> YOUR TASK:
Reproduce every line of the listing as written, apart from the pictures.

> RECORDED DATA:

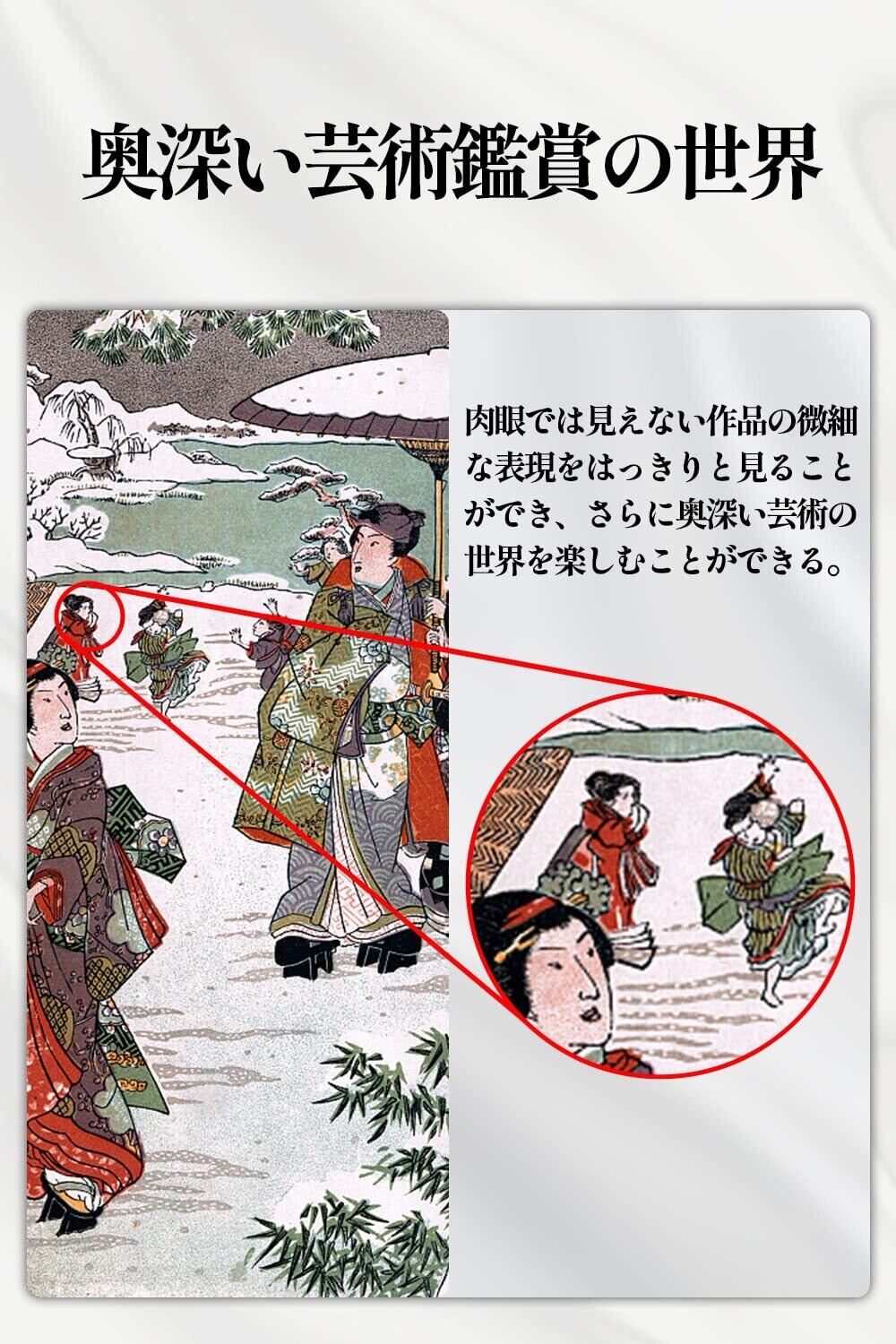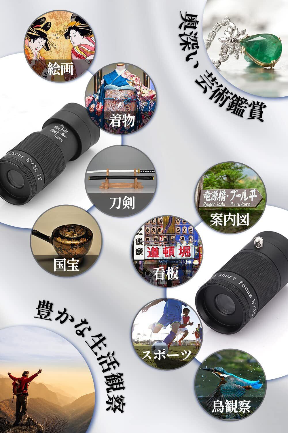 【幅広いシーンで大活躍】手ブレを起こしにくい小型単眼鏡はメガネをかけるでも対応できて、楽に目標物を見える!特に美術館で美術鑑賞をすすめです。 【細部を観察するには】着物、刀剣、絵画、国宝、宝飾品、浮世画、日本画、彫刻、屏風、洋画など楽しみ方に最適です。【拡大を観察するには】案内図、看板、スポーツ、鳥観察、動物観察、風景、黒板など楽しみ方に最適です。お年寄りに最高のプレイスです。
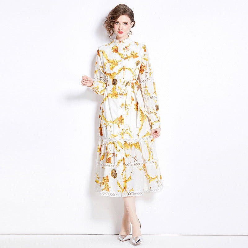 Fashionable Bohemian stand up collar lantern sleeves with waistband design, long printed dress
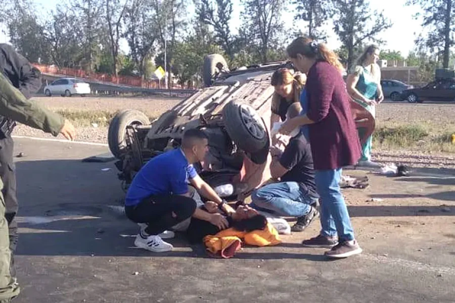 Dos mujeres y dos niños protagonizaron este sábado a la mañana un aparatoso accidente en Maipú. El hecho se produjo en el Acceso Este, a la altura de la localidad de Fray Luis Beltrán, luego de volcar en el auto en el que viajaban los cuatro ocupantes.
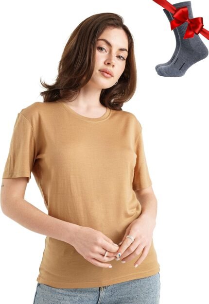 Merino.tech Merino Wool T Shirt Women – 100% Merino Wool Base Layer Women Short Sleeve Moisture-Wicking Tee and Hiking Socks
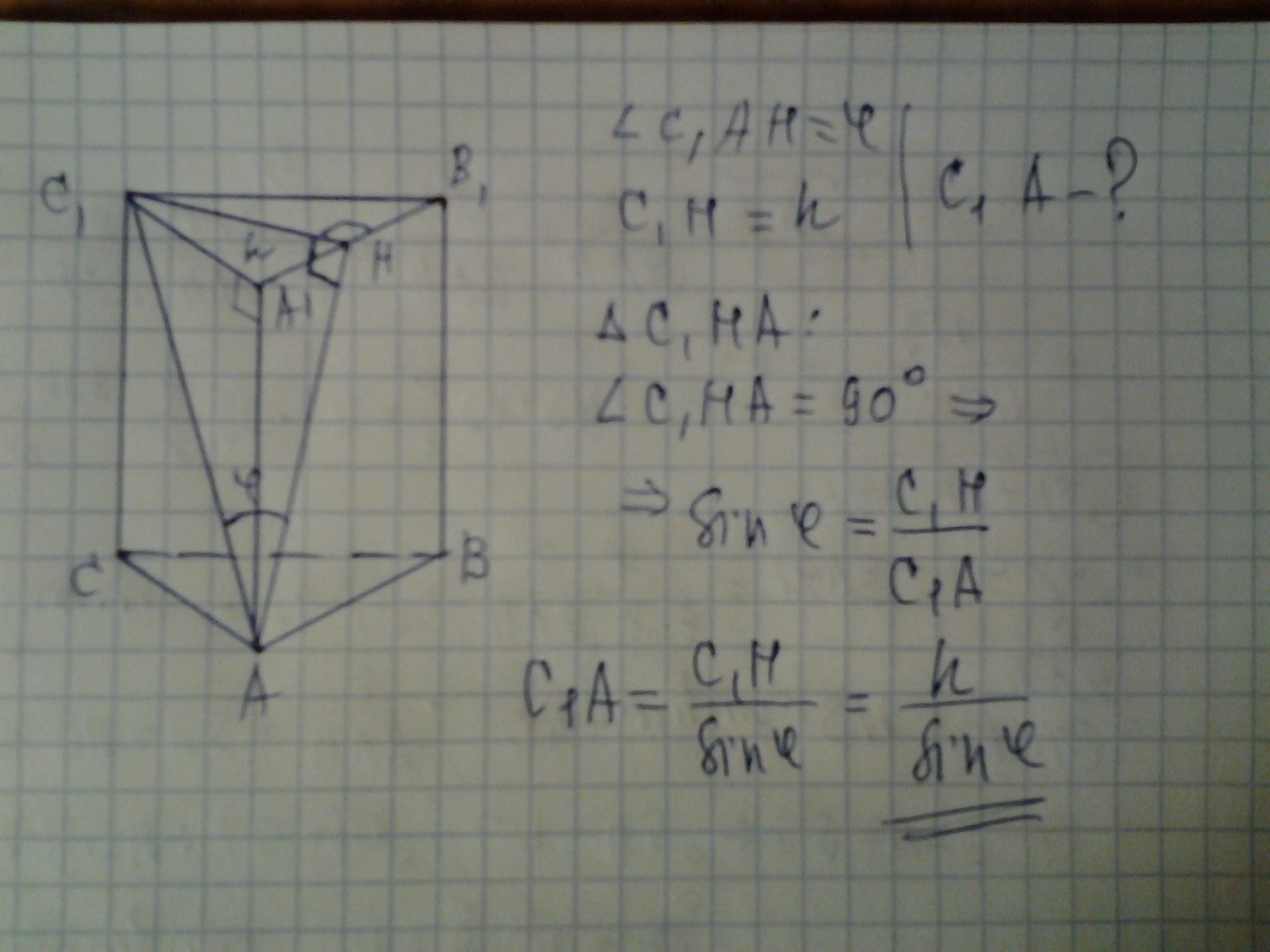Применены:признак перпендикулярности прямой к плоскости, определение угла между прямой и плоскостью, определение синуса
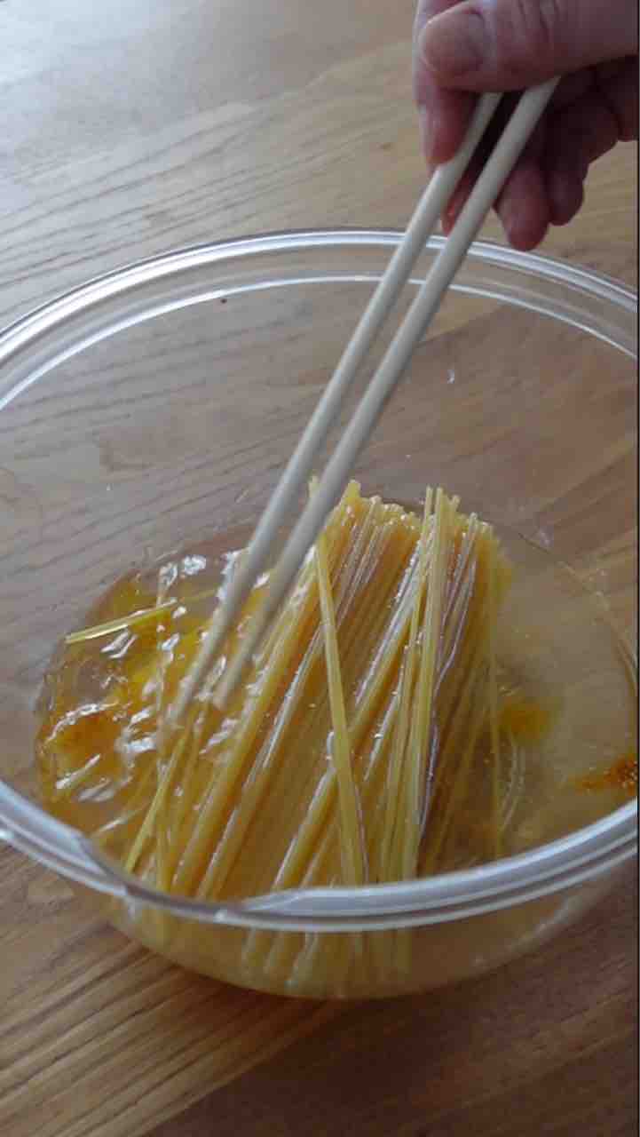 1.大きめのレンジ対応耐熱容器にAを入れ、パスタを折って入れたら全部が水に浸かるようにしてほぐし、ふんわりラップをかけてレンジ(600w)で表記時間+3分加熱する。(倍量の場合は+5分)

> RESPONSE:
 【幅広いシーンで大活躍】手ブレを起こしにくい小型単眼鏡はメガネをかけるでも対応できて、楽に目標物を見える!特に美術館で美術鑑賞をすすめです。 【細部を観察するには】着物、刀剣、絵画、国宝、宝飾品、浮世画、日本画、彫刻、屏風、洋画など楽しみ方に最適です。【拡大を観察するには】案内図、看板、スポーツ、鳥観察、動物観察、風景、黒板など楽しみ方に最適です。お年寄りに最高のプレイスです。
 Fashionable Bohemian stand up collar lantern sleeves with waistband design, long printed dress
 Dos mujeres y dos niños protagonizaron este sábado a la mañana un aparatoso accidente en Maipú. El hecho se produjo en el Acceso Este, a la altura de la localidad de Fray Luis Beltrán, luego de volcar en el auto en el que viajaban los cuatro ocupantes.
 Merino.tech Merino Wool T Shirt Women – 100% Merino Wool Base Layer Women Short Sleeve Moisture-Wicking Tee and Hiking Socks
Применены:признак перпендикулярности прямой к плоскости, определение угла между прямой и плоскостью, определение синуса
 1.大きめのレンジ対応耐熱容器にAを入れ、パスタを折って入れたら全部が水に浸かるようにしてほぐし、ふんわりラップをかけてレンジ(600w)で表記時間+3分加熱する。(倍量の場合は+5分)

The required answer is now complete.